Modishly Tudor reading: "The Time Traveller's Guide to Elizabethan England" by Ian Mortimer

I have committed that most heinous of book blog crimes: to get two books behind, a.k.a not writing the review of one book before finishing the next. So expect cheapskate, two-for-the-price-of-one, abbreviated posts for this book and the next. 

Actually, it won't be that complicated, because both books are sequels, even remakes, of books that came before, and have featured in these pages. The Time Traveller's Guide to Elizabethan England is, unsurprisingly, Ian Mortimer's follow-up to the Time Traveller's Guide to Medieval England and works on the same concept, namely telling you what you would need to know if you were taking a trip in time to visit a country you think you know but from which you are separated by getting on for five centuries. I liked the earlier book, and, minus only the discovery-of-a-neat-new-idea factor, also very much liked this.

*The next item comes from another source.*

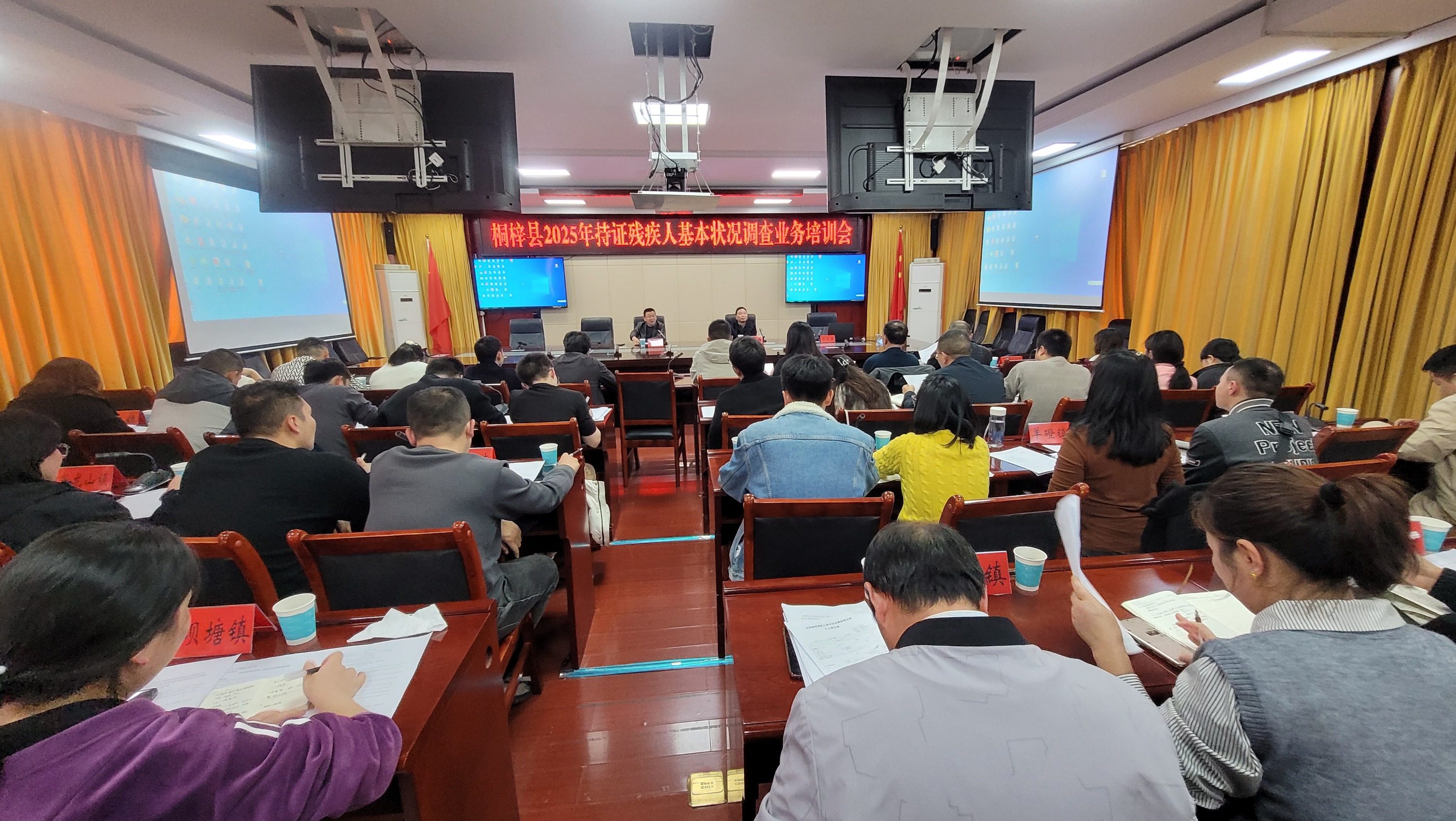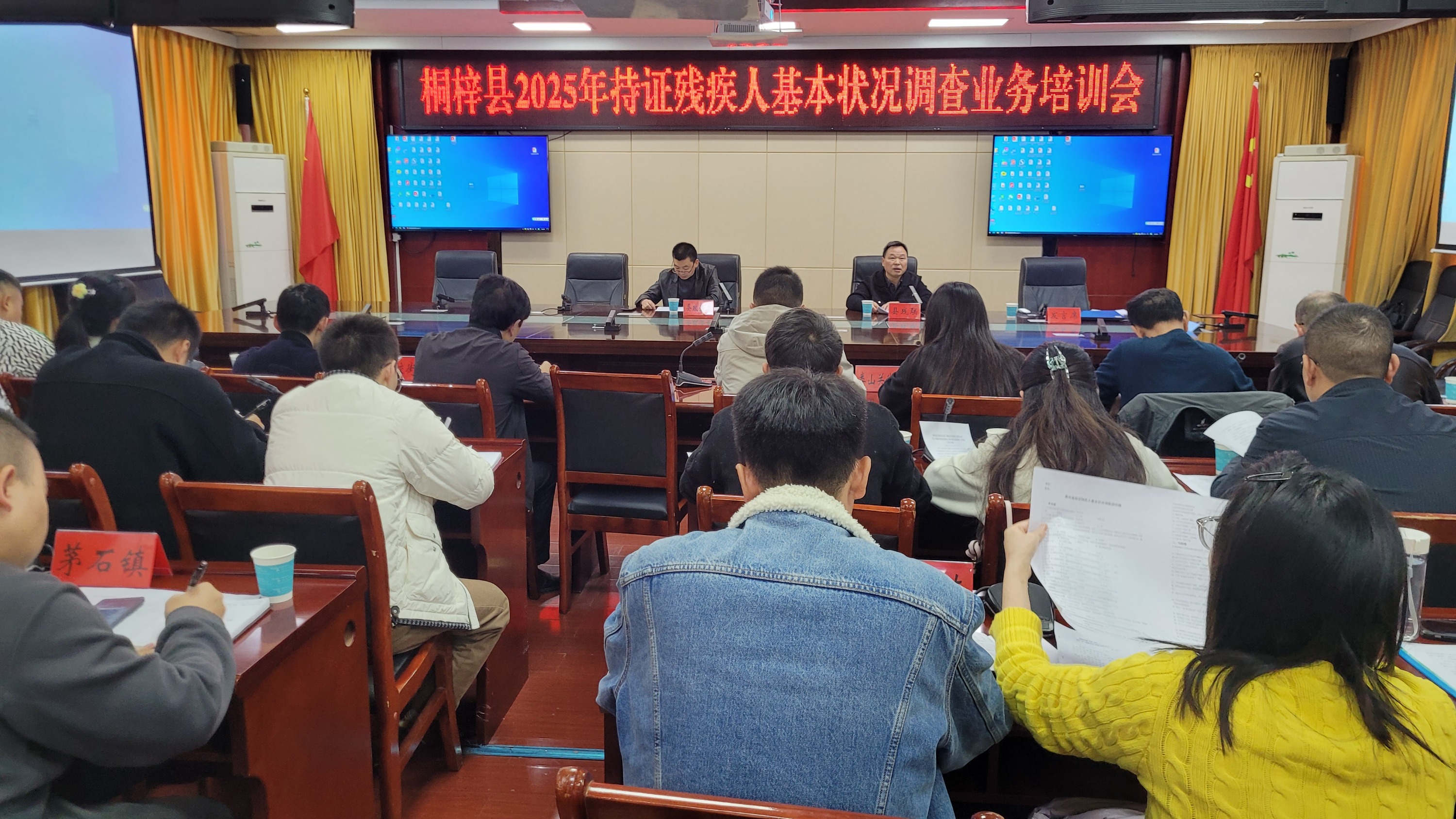 2025年10月27日,由桐梓县委政法委、桐梓县残联共同组织举办的桐梓县2025年持证残疾人基本状况调查业务培训班在县政府四楼会议室举行。培训采用主、分会场结合的模式。25个乡镇(街道)综治中心负责人、残联负责人等60余人在主会场参加培训,全县2350个网格员和乡镇(街道)残联专职委员在各乡镇(街道)分会场参加培训。县残联党组书记、理事长娄永康、县综治中心主任蒋代军全程参加培训。

I'll say what I said in 2010, that though Mortimer's concept is not fantastically innovative as the publisher's blurb might have you believe, he does it really well and delivers a satisfying and original book as a result. The main impression you come away with, in the words of the cliché, is that the past really is another country. A visit to Elizabethan England would be more alienating, dangerous and exotic that visiting almost anywhere in the modern world.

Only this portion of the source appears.